As political calls go, the Doyle one is not a difficult one. It’s perfectly fine in my view to believe a friend’s claims of innocence, but if they then go on to plead guilty, the obvious political reality is that you are never going to be a viable candidate for membership of the House of Lords. Frankly, if they do not plead guilty and continue to protest their innocence, unless or until they are acquitted, you are not going to be a viable candidate for membership of the House of Lords.
To grasp that you should not need to be, or employ, “a brilliant strategist, focused ruthlessly on what the voters think”, as many connected to this government keep telling me the departed Morgan McSweeney was. If you oversee a Downing Street operation that cannot get such an obvious call right, what other mistakes are you making?
Of course, it is an open secret that Starmer has delegated a great deal of responsibility as prime minister, but that doesn’t make him any less responsible for the mistakes. And that’s one reason these mistakes should worry us all, regardless of our political affiliation.
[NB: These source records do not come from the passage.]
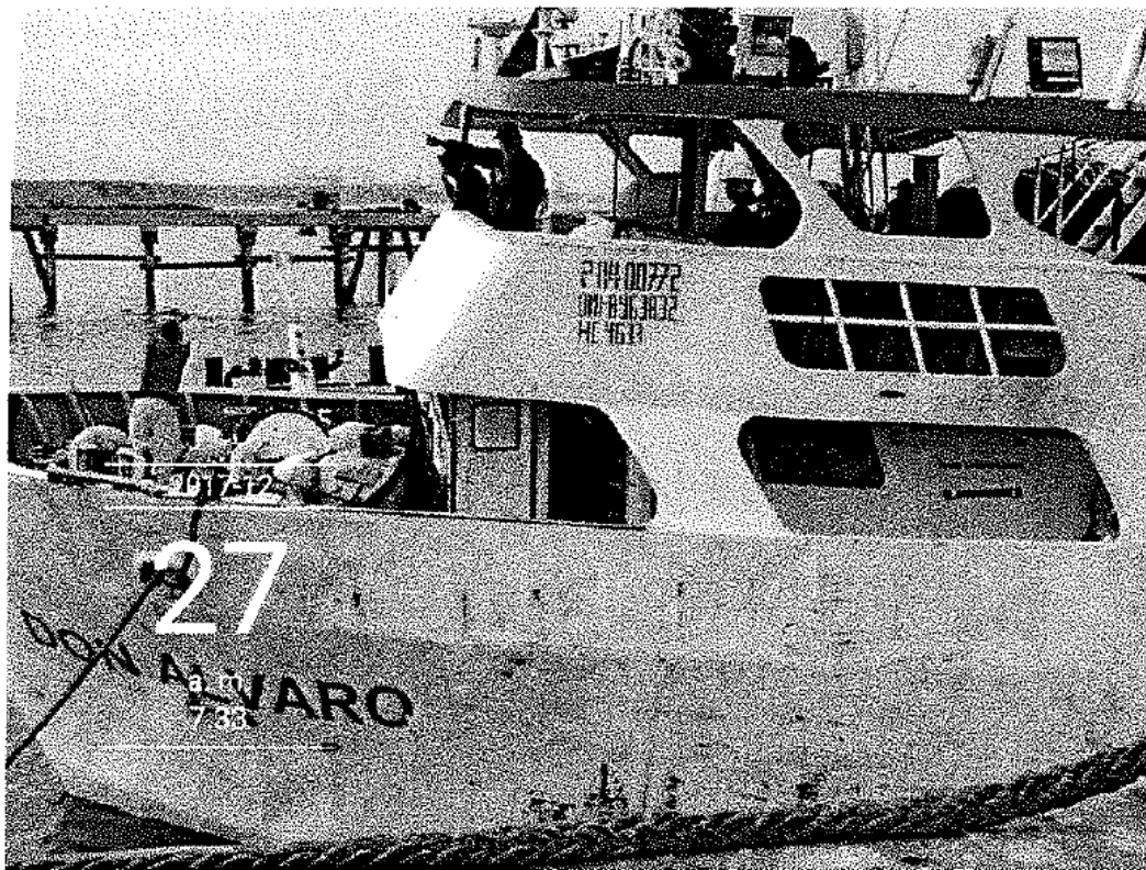
FOTOGRAFIA N° 01: Embarcación Pesquera de bandera ecuatoriana DON ALVARO (P-04-00772), acoderada en el muelle Centenario de Pesquera Diamante S.A. – Callao, la cual fue intervenida por los fiscalizadores de la DGSFS-PA, en incumplimiento de la normativa pesquera vigente.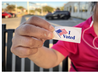
A Denton County voter holds up her "I Voted" sticker after casting a ballot in 2024.

Out of about 667,800 registered voters in Denton County, about 171,000 cast a ballot in the primaries, according to numbers from Denton County Elections Administration. That's about 25.6% voter turnout overall. Texas has open prima-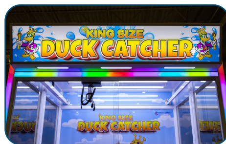
EYE CATCHING MARQUEE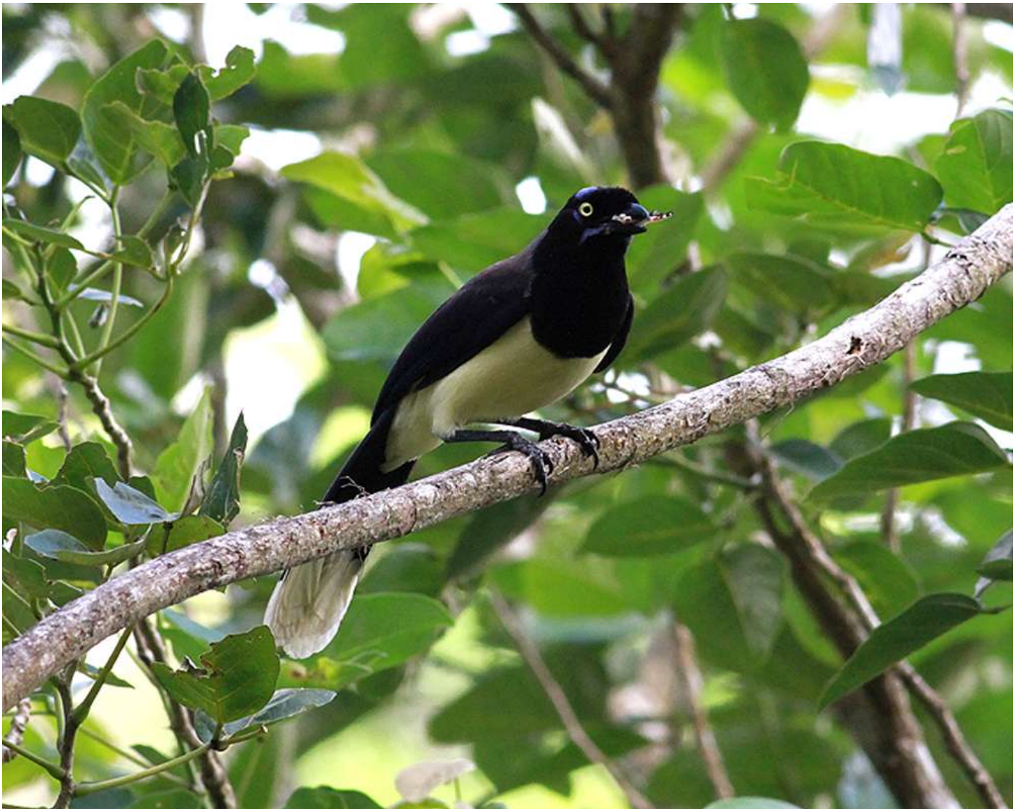
Black-chested Jay

We returned to the lodge at around 5:00 PM and compiled our list before dinner. 108 species (WOW!) for the day with another 7 species heard only. Our trip total now stood at 306 species.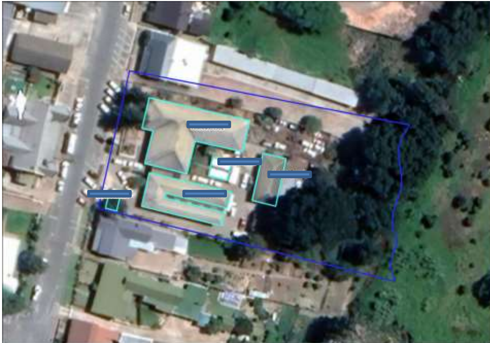
FIGURE 1: AERIAL VIEW OF CALEDON POLICE STATION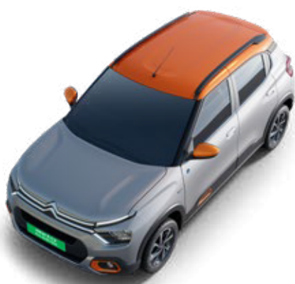
STEEL GREY BODY WITH ZESTY ORANGE ROOF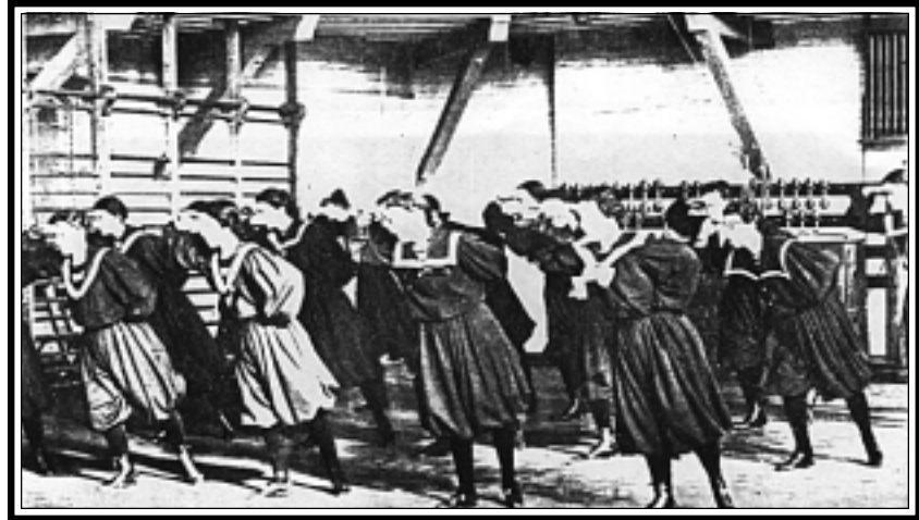
Posing in Physical Culture, 1908

The English-scientific course, German language based course, and Latin based course required 4 years work. After teaching for eight months, the recipient was eligible for a life certificate to teach in Wisconsin in any public primary, grammar or high school. These courses of study also prepared students for the last two years of college work at a state university.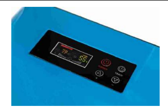
Easy to use touch screen controls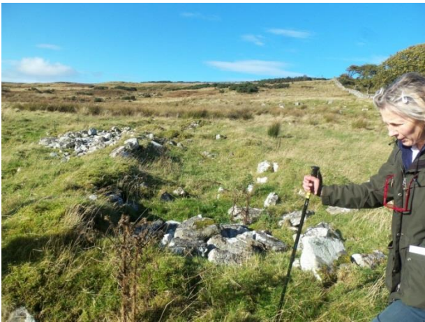
Near this long house was a grain drying kiln.

This was a Norse/Viking long house from a more recent - but still long ago – time, only a thousand years ago or thereabouts. There were several of these along the way, indicating that the valley was a popular place to live for a loooong time.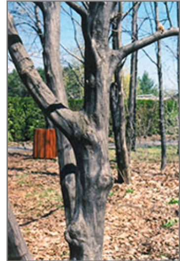
American Hornbeam bark

This tree performs well in both full sun and full shade. It is an amazingly adaptable plant, tolerating both dry conditions and even some standing water. It is not particular as to soil type or pH. It is somewhat tolerant of urban pollution. This species is native to parts of North America.

If you fall headlong into a scandal about freebies that no organisation with a modern gifting policy would fall victim to, you are probably going to make big mistakes elsewhere. If you cannot navigate these simple political questions, what other mistakes are you making?
That, of course, is something Starmer’s would-be replacements know too, and while some of these mistakes can easily be blamed on Starmer, what worries some of his would-be replacements is that if they replace him too early, they will be left carrying the can for mistakes that none of us know about yet.